Все затрепетали, когда по выходе Шумского из кабинета графа, грузинскому владыке приключилась дурнота. Втайне все радовались, что молодой барин сделал или сказал что-то неприятное Аракчееву, но вместе с тем все трепетно опасались стать причастными беде и без вины виноватыми.
Шумский сидел у себя в горницах, нетерпеливо ожидая, как «они» рахлебают кашу, которую он заварил, но до вечера ничего нового не случилось.

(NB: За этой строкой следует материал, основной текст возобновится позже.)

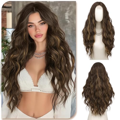 Sofeiyan Gewellte Wellig perücke,70 cm Lange Dunkelbraun mit golden Strähnchen Mittelscheitel Damen Perücken,Hitzebeständige Synthetische Haar Lockige,Natürliche Frauen Wig für Alltag,Cosplay,Karneval
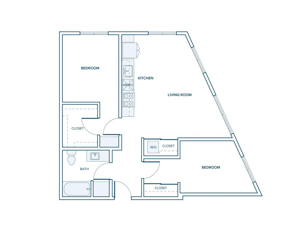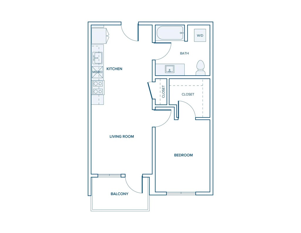 Modelo de apartamento: A01Desde $1,6971 Dormitorio, 1 Baño, 599 sq ftDisponible Ahora![]()
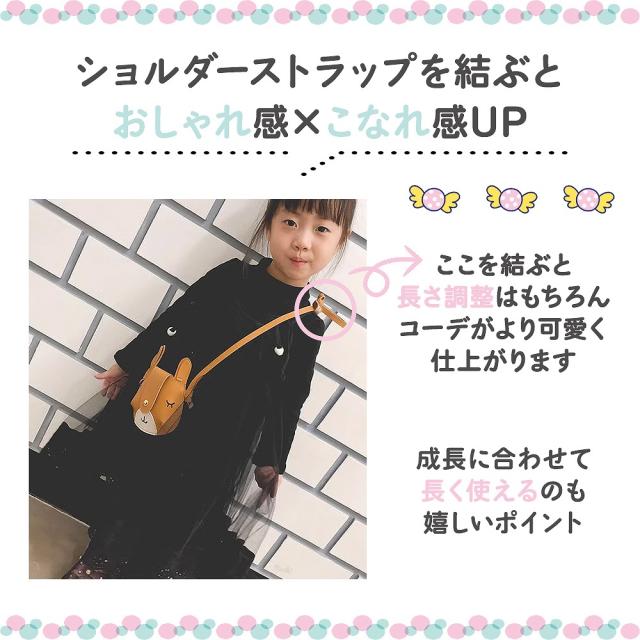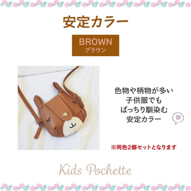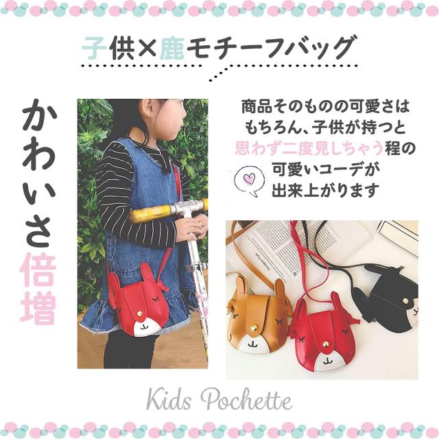 キッズポシェット 2個セット 可愛い 鹿のポシェット マグネットホック お洒落 長さ調整可 ブラック ブラウン レッド 差し色 お揃い リンクコーデ プレゼント用 agesugi_snk
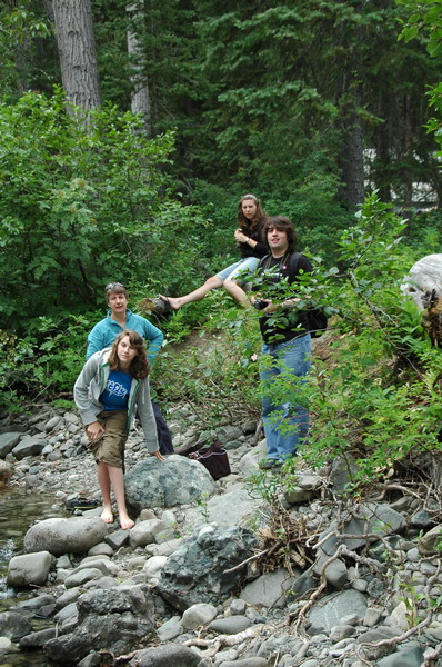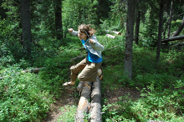 Further on we stopped for a picnic lunch, at a campground beside the Similkameem river. As we walked down to the river, B had to jump the fallen trees.
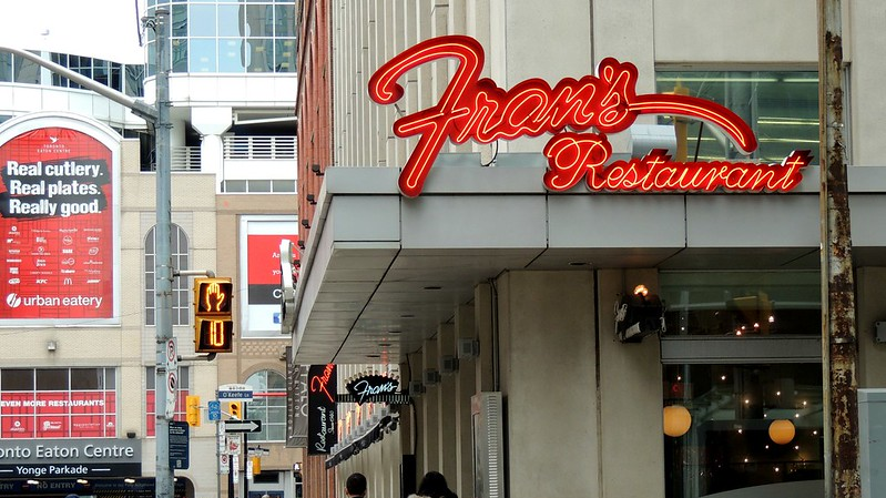 Fran’s Restaurant is only a short walk from Nathan Phillips Square. It’s ideal for grabbing a late-night burger, all-day breakfast, or a slice of pie between exhibits. The retro diner vibe, hearty comfort food, and quick service make it a go-to spot to refuel. It’s perfect for warming up before heading back out into the art-filled streets.

Уже часов в восемь он послал за матерью, чтобы узнать от нее что-нибудь. Авдотья пришла встревоженная, с опухшими от слез глазами. Она объяснила сыну, что Настасья Федоровна пытала ее на все лады, чтобы узнать, как все приключилось и каким образом Шумский узнал то, что 25 лет было тайной для всех. Разумеется, Минкина догадывалась, что дело не могло обойтись без участия мамки.
– Ну, а ты что же? – резко произнес Шумский. – Небось нюни распустила, покаялась?

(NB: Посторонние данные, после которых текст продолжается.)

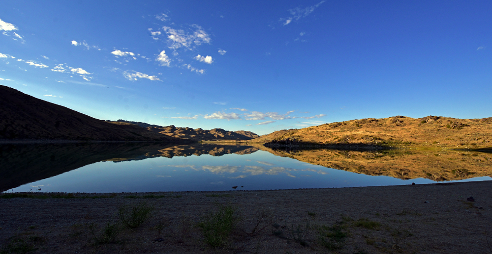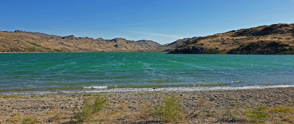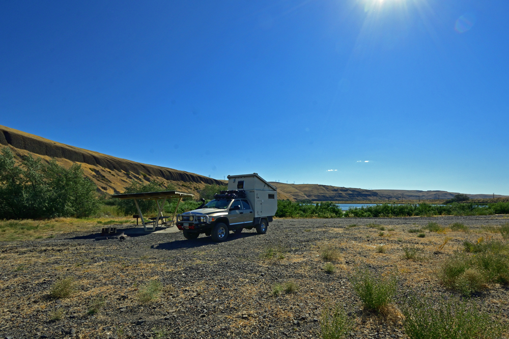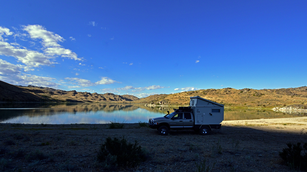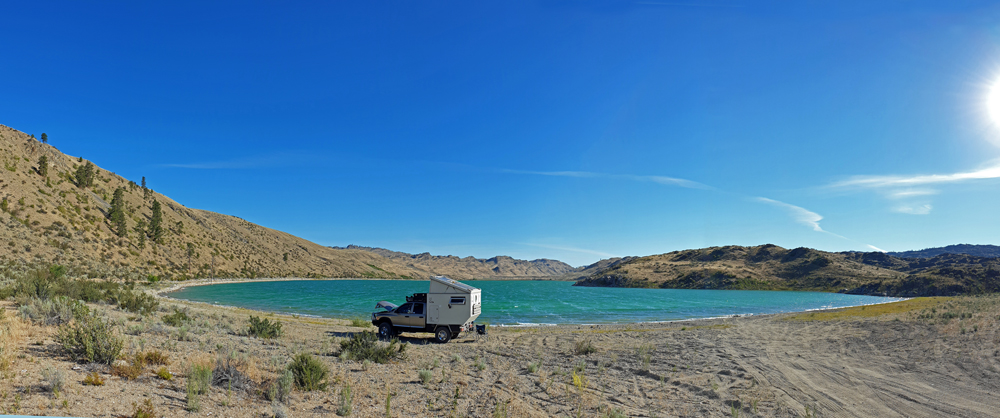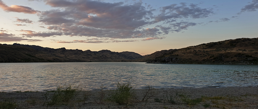 Wir fahren zum Banks Lake hinauf und suchen uns einen Übernachtungsplatz am Ufer des Osborn Bay Lake, der eigentlich nichts anderes als eine durch die WA-122 abgetrennte Bucht ist. Leider sind diverse Spots entlang des Seeufers stark vermüllt – wir sind hier wohl zu nahe an Electric City… –, aber wir haben dann doch noch Glück und finden einen freien, einigermassen sauberen Platz.
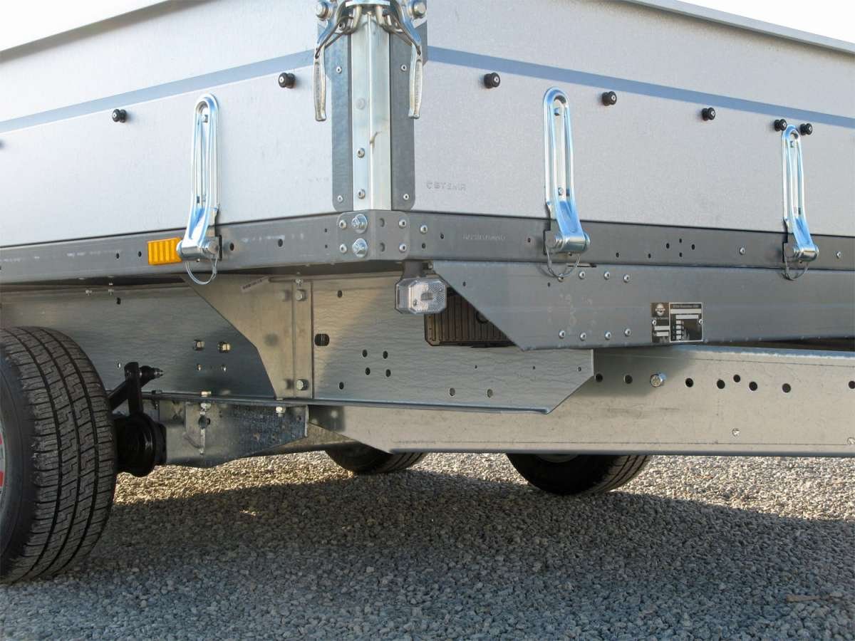 Toutes les remorques SySTEMA freinées d’un poids total autorisé en charge (PTAC) de 850 kg ou plus sont équipées d’amortisseurs de série. Ces remorques peuvent être immatriculées directement auprès du service d’immatriculation des véhicules pour une vitesse de 100 km/h.
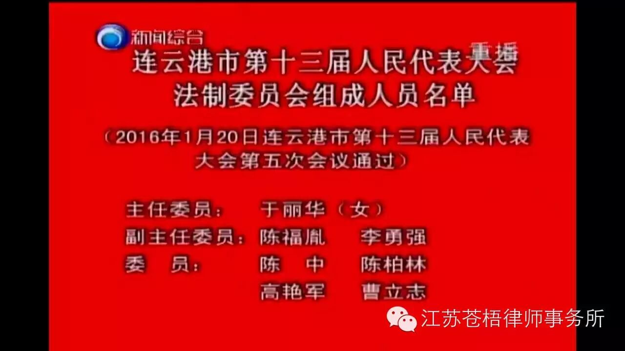 连云港市第十三届人民代表大会第五次会议于2016年1月17日顺利召开,我所主任曹立志律师作为我市律师行业唯一的人大代表出席了会议。
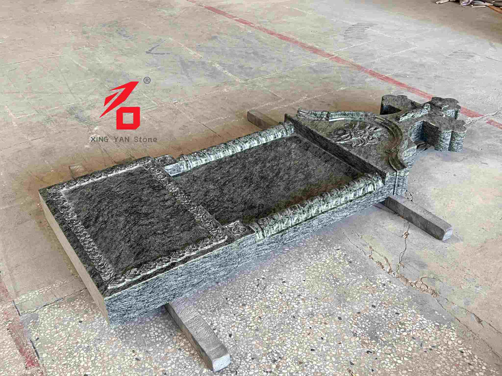 Bahan: Granit berkepadatan tinggi, keras, tahan aus, tahan cuaca, dan tahan korosi, memungkinkan pelestarian luar ruangan jangka panjang dan memastikan batu nisan tetap seperti baru.

– Как можно, – отозвалась Авдотья, – нешто могу я покаяться. Они меня до смерти запорют, или в «едекуль» посадят.
– Стало быть, ты на своем стояла: знать не знаю и ведать не ведаю?
– Вестимо.
– А мною она тебя пытала?
– Два раза принималась допрашивать и, наконец, до того обозлилась, что собралась было драться, подступила и кулаки подняла. Да вдруг будто что вспомнила, сама себя ухватила за волосы, затопала ногами и выгнала. Как же теперь, родной мой, быть? Я и ума не приложу.
– Что, как быть?
– Да если они опять меня будут пытать, и помилуй Бог, граф к себе позовет. Что же мне тогда делать?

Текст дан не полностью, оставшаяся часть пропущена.